L'après-guerre modifiait aussi la donne sociopolitique. Certains commencèrent à déplorer qu'il n'y ait plus d'ouvriers, mais des petits-bourgeois... Les travailleurs en effet s'étaient massivement organisés, le capitalisme faisait des concessions. La médecine moderne pressentait son extraordinaire essor et participait, par l'amélioration de la santé publique, à l'émergence, dans notre pays, d'une classe moyenne en demande de sécurité sociale. L'hôpital public, qui était conçu à l'usage exclusif des pauvres (munis d'une carte d'indigent), allait s'ouvrir à toute la population : salariés, membres de mutuelles, bourgeois et nantis.
"Ici on accepte les malades payants" annonça l'hôpital Brugmann dès son inauguration en 1923.

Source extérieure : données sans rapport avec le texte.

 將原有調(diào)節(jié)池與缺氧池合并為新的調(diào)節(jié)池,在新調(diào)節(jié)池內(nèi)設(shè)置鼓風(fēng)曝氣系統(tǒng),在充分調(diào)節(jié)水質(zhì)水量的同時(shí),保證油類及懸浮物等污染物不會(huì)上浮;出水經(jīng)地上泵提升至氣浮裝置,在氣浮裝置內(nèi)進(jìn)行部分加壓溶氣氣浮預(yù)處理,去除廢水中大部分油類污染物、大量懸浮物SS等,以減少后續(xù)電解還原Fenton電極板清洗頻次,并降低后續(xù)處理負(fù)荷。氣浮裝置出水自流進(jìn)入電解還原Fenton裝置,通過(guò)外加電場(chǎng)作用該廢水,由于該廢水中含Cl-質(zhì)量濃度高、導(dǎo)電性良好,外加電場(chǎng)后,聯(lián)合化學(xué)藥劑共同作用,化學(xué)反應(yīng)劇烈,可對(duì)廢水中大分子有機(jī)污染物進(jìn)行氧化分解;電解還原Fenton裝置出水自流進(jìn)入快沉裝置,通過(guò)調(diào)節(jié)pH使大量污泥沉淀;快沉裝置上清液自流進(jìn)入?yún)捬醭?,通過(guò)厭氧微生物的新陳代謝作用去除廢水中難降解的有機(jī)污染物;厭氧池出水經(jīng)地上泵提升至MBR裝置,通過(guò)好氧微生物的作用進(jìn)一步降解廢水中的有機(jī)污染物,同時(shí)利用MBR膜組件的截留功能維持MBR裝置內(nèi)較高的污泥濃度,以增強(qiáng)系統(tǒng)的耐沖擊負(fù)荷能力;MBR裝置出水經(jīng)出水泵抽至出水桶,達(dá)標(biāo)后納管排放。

A l'issue de la Deuxième Guerre mondiale, la sécurité sociale obligatoire et les avancées prodigieuses de la médecine basée sur la recherche fondamentale et clinique et sur des équipements sophistiqués ouvrent la voie à la prospérité des hôpitaux : la masse des honoraires des médecins hospitaliers va faire l'objet de convoitise. Les Facultés de médecine des quatre, puis des sept universités du pays étaient partenaires des hôpitaux publics depuis le milieu du dix-neuvième siècle, chacune bénéficiant, par arrêté ministériel de 1911, d'un monopole pour le placement de ses étudiants, de ses diplômés et de ses professeurs dans les hôpitaux publics de sa ville et dans sa zone d'influence, elles vont graduellement songer à se libérer de leur partenaire public - et des aléas politiques - en créant leur propre hôpital.

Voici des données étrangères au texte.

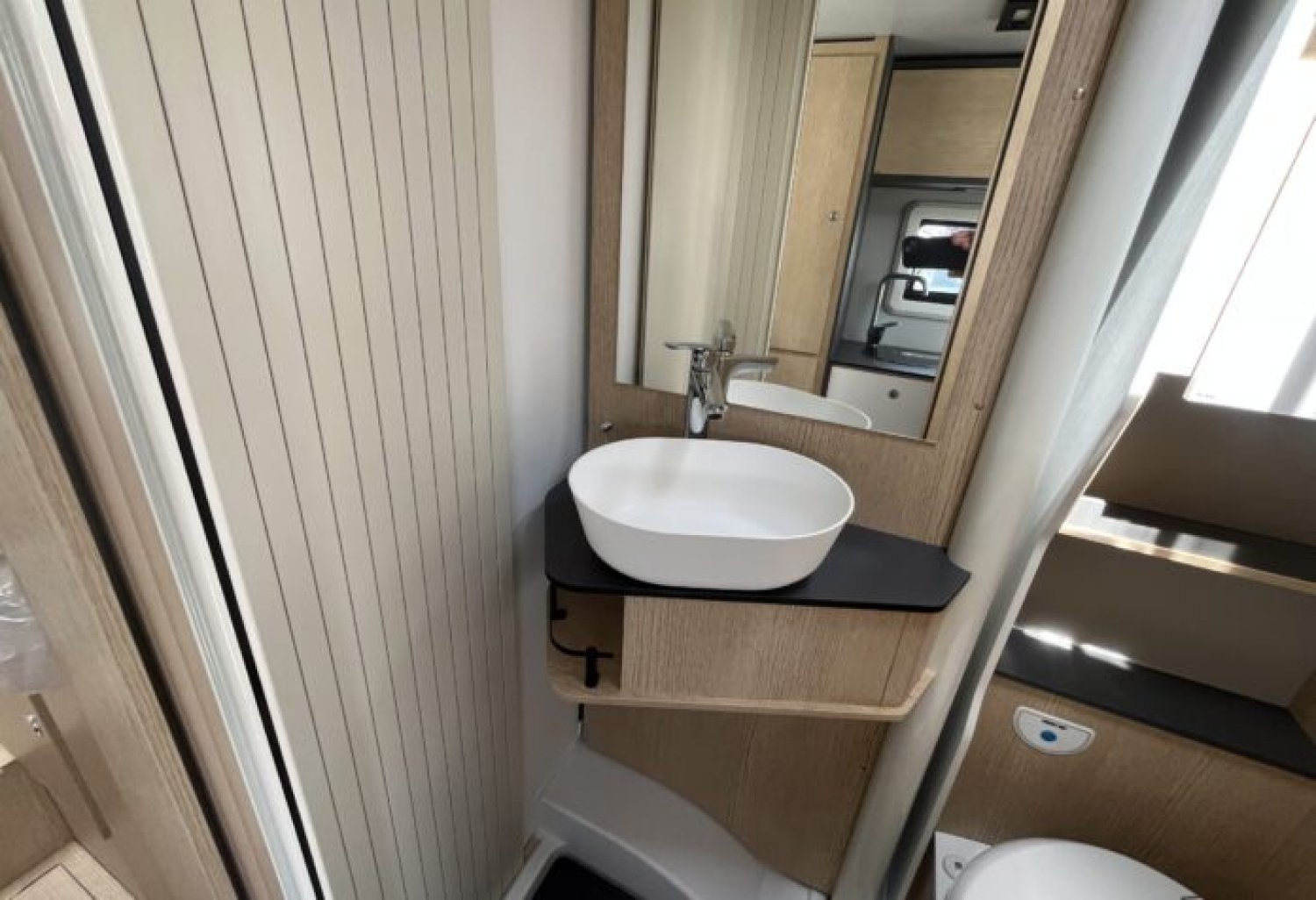 DOUCHE ET WC SEPARES PAR PAROI AMOVIBLE

Les équipes médicales des hôpitaux publics universitaires de Bruxelles allaient participer activement, au cours des années septante, à ce virage et à cette course vers la structure hospitalière de pointe.
La première crise pétrolière, en 1973, mettait subitement fin à l'euphorie, avant même que la programmation de ces hôpitaux ne s'achève. Les vaches maigres prenaient place sur les pelouses de nos campus hospitalo-facultaires et l'épuisant marchandage allait être ranimé, entre les tenants de l'assainissement des finances publiques et les responsables d'hôpitaux d'enseignement.

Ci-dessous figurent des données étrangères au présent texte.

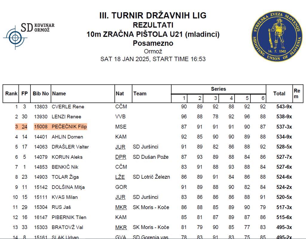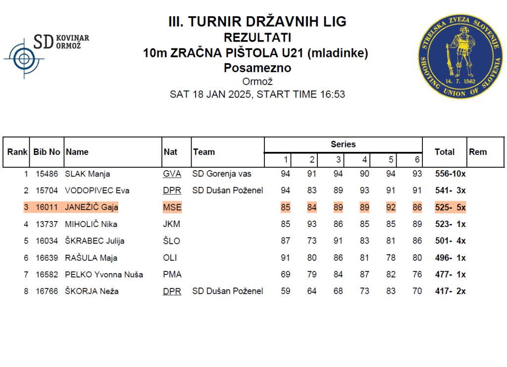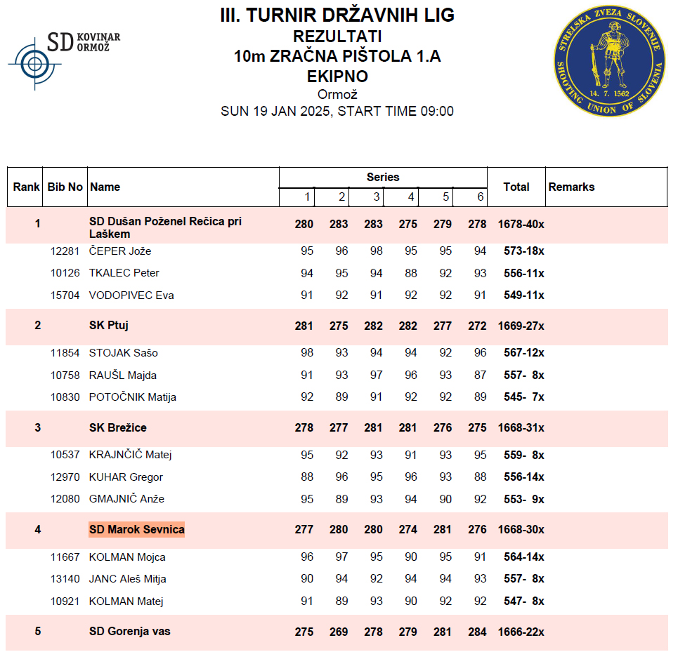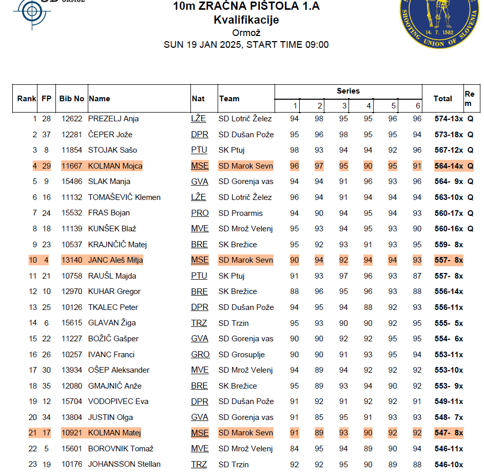 V soboto 18. 01. in nedeljo 19. 01. 2025 je v Ormožu izveden 3. krog 1. A državne lige za standardno pištolo in puško po mednarodnem programu. Ekipa SD Marok je s 1668 krogi zasedla 4. mesto od 12 ekip. Najboljši posameznici sta bili Lija Janežič med deklicami in Mojca Kolman med članicami. Obe sta zasedli drugo mesto in osvojili srebrno kolajno. Med mladinci je Filip Pečečnik zasedel tretje mesto in osvojil bronasto kolajno.

C'est dans ce cycle que doit continuer à s'exprimer notre vision d'une santé publique basée sur une médecine de pointe, ouverte à tous, sans exclusive, dans notre réseau d'hôpitaux bruxellois laïcs.

L’ouvrage Du côté de Brugmann, un hôpital dans son siècle démontre, à travers quelques exemples parmi d’innombrables autres, combien l’engagement dans la réflexion et dans l’action, les initiatives tous azimuts, l’excentricité même, sont porteuses de réalisations exceptionnelles.
Le microcosme brugmannien multiforme et complexe est resté en constante interaction avec la civilisation qui l’a produit et qui l’entoure. C’est pourquoi, architecture, médecine et société sont «imbriquées» dans les récits présentés ici sous forme de rubriques de dictionnaire.
Tout témoignage est une reconstruction. Ce livre témoigne qu’existe un lien très fort entre les responsables d’aujourd’hui et les précurseurs de l’hôpital Brugmann et, autour d’eux, les milliers de personnes anonymes, pratiquant plus de cent métiers — soignants, administratifs et techniques, actifs désormais sur plusieurs campus (les sites Victor Horta à Laeken, Paul Brien à Schaerbeek et René Magritte à Jette) —, qui ont assuré la pérennité, l’essor et le succès de notre institution.

Dr Daniel DÉSIR
Directeur général du CHU Brugmann

Référence bibliographique : Czerwonogora (Arnold), Franckson (Marcel), Goslar (Michèle), Mélotte (Denis), Potvliege (Roland) e.a., Du côté de Brugmann, un hôpital dans son siècle, sous la direction de D. Désir, Bruxelles, Ed. Ercée, 2006.